9.7 KiB
+++ author = "Maik de Kruif" title = "ReadySetAction" subtitle = "Beginners Quest 7 - Google CTF" date = 2021-09-28T11:25:00+01:00 description = "A writeup for challenge 7 of the beginners quests of the Google CTF." cover = "img/writeups/google-ctf/2021/beginners-quest/7/cover.png" tags = [ "Google CTF", "Beginners Quest", "ctf", "hacking", "writeup", "crypto", ] categories = [ "ctf", "writeups", "hacking", "crypto", ] aliases = [ "7" ] +++
Story line
Buenos Aires - Conference
You are showing the invitation so that you can enter the conference. There are hundreds of important looking people at the conference. You take a glass of champagne from a tray, and try to look important yourself. After being busy with trying to look important for a few minutes, you approach the person that you are here to get classified information from. He introduces himself as Dr. Nowak Wasilewski. Nowak asks who you are, and if you can prove your knowledge through a test that he has designed by himself.

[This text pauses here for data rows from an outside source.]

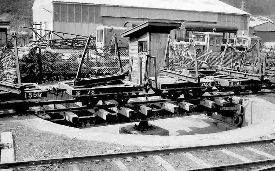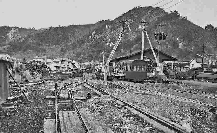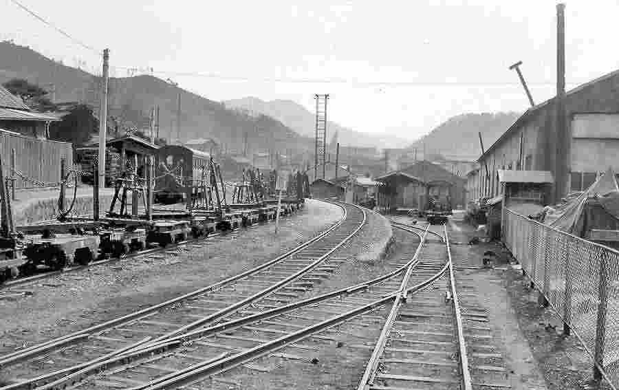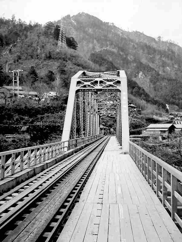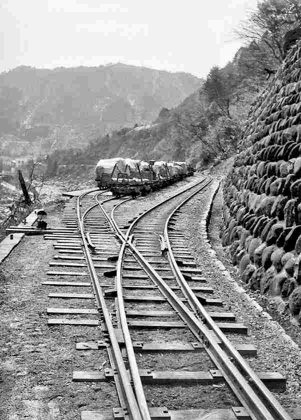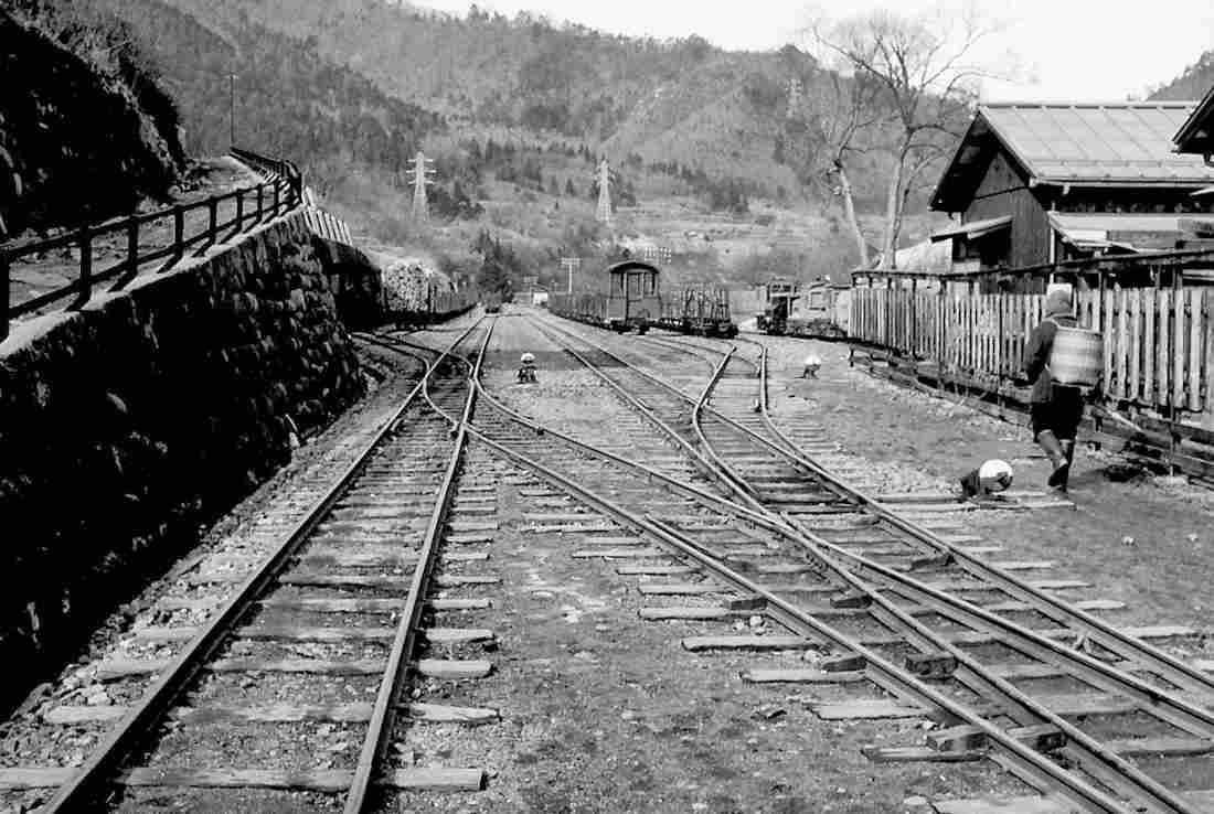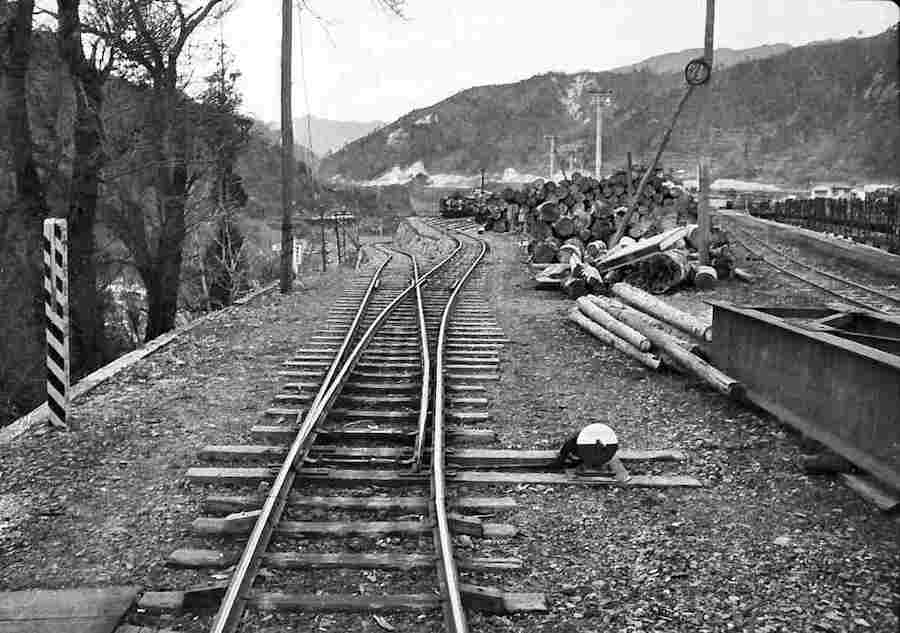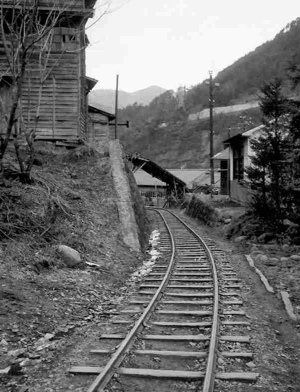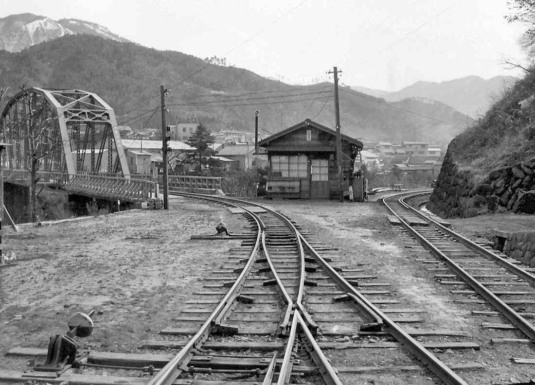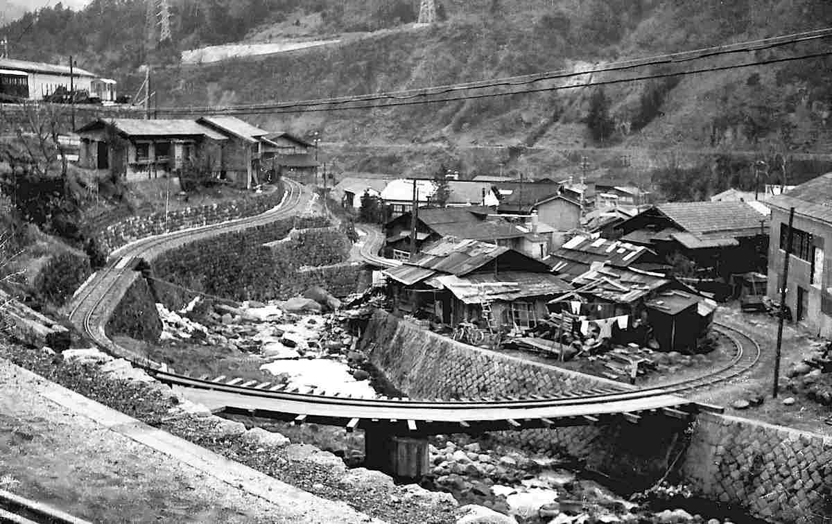 | ★正島貯木場に行くには凄いオメガカーブがありました。更に、木曽川を渡る鬼淵鉄橋の先に1966年には王滝線から反対方向に向かう小川線のスイッチバックがあり、ポイント切り替えの操作小屋もあったのです。 |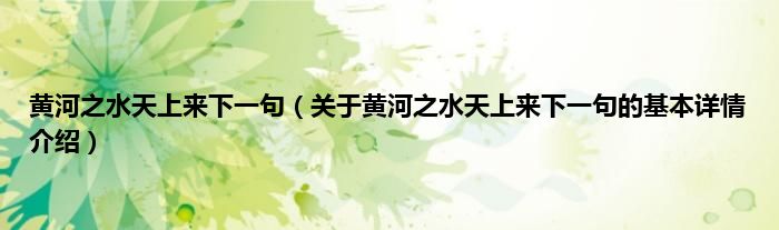 本文关于黄河之水天上来下一句的基本详情介绍就讲解完毕,希望对大家有所帮助。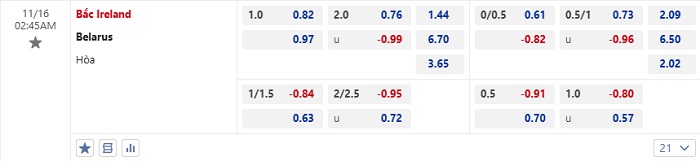 Tip kèo Châu Á full trận Bắc Ireland vs Belarus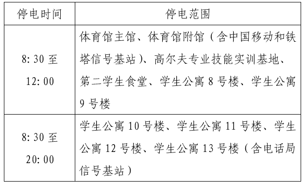 因學校變配電系統3號開閉站進行檢修,需要停電操作,將影響學校部分建筑供電。停電時間為2022年4月23日(星期六),具體停電時間及范圍如下: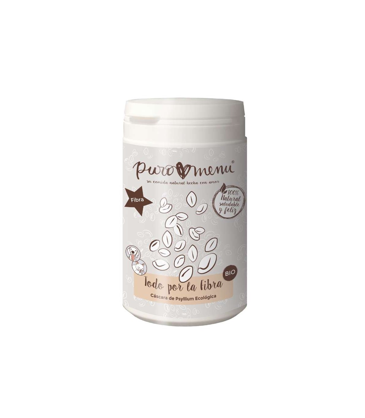 Pura Fibra de Puromenu is a 100% natural and premium quality supplement for dogs and cats, made from organic psyllium husk, which helps regulate intestinal transit and promotes healthy digestion.

Challenge: ReadySetAction (crypto)
Apparently this script was used to encrypt super secret messages. Maybe there is something interesting in it?
After solving
Nowak is very impressed by your skills. You and him sit down by a table, and you order lots of drinks for him. As the conversation goes on, Nowak begins to loosen up a bit and is talking about all kinds of things. Eventually he accidently reveals the location of an office complex in NYC that seems to have very much to do with the whole operation.
Attachment
{{< code language="python" title="chall.py" isCollapsed="true" >}}
from Crypto.Util.number import *
flag = b"REDACTED"
p = getPrime(1024)
q = getPrime(1024)
n = p*q
m = bytes_to_long(flag)
c = pow(m,3,n)
print(c)
print(n)
#15478048932253023588842854432571029804744949209594765981036255304813254166907810390192307350179797882093083784426352342087386691689161026226569013804504365566204100805862352164561719654280948792015789195399733700259059935680481573899984998394415788262265875692091207614378805150701529546742392550951341185298005693491963903543935069284550225309898331197615201102487312122192298599020216776805409980803971858120342903012970709061841713605643921523217733499022158425449427449899738610289476607420350484142468536513735888550288469210058284022654492024363192602734200593501660208945967931790414578623472262181672206606709
#21034814455172467787319632067588541051616978031477984909593707891829600195022041640200088624987623056713604514239406145871910044808006741636513624835862657042742260288941962019533183418661144639940608960169440421588092324928046033370735375447302576018460809597788053566456538713152022888984084306297869362373871810139948930387868426850576062496427583397660227337178607544043400076287217521751017970956067448273578322298078706011759257235310210160153287198740097954054080553667336498134630979908988858940173520975701311654172499116958019179004876438417238730801165613806576140914402525031242813240005791376093215124477
{{< /code >}}
Recon
The attachment contains two files: chall.py
and __pycache__/chall.cpython-39.pyc
.
When opening chall.py
, we see a script in which a flag is encoded. We also, presumably, see the output of a previous run.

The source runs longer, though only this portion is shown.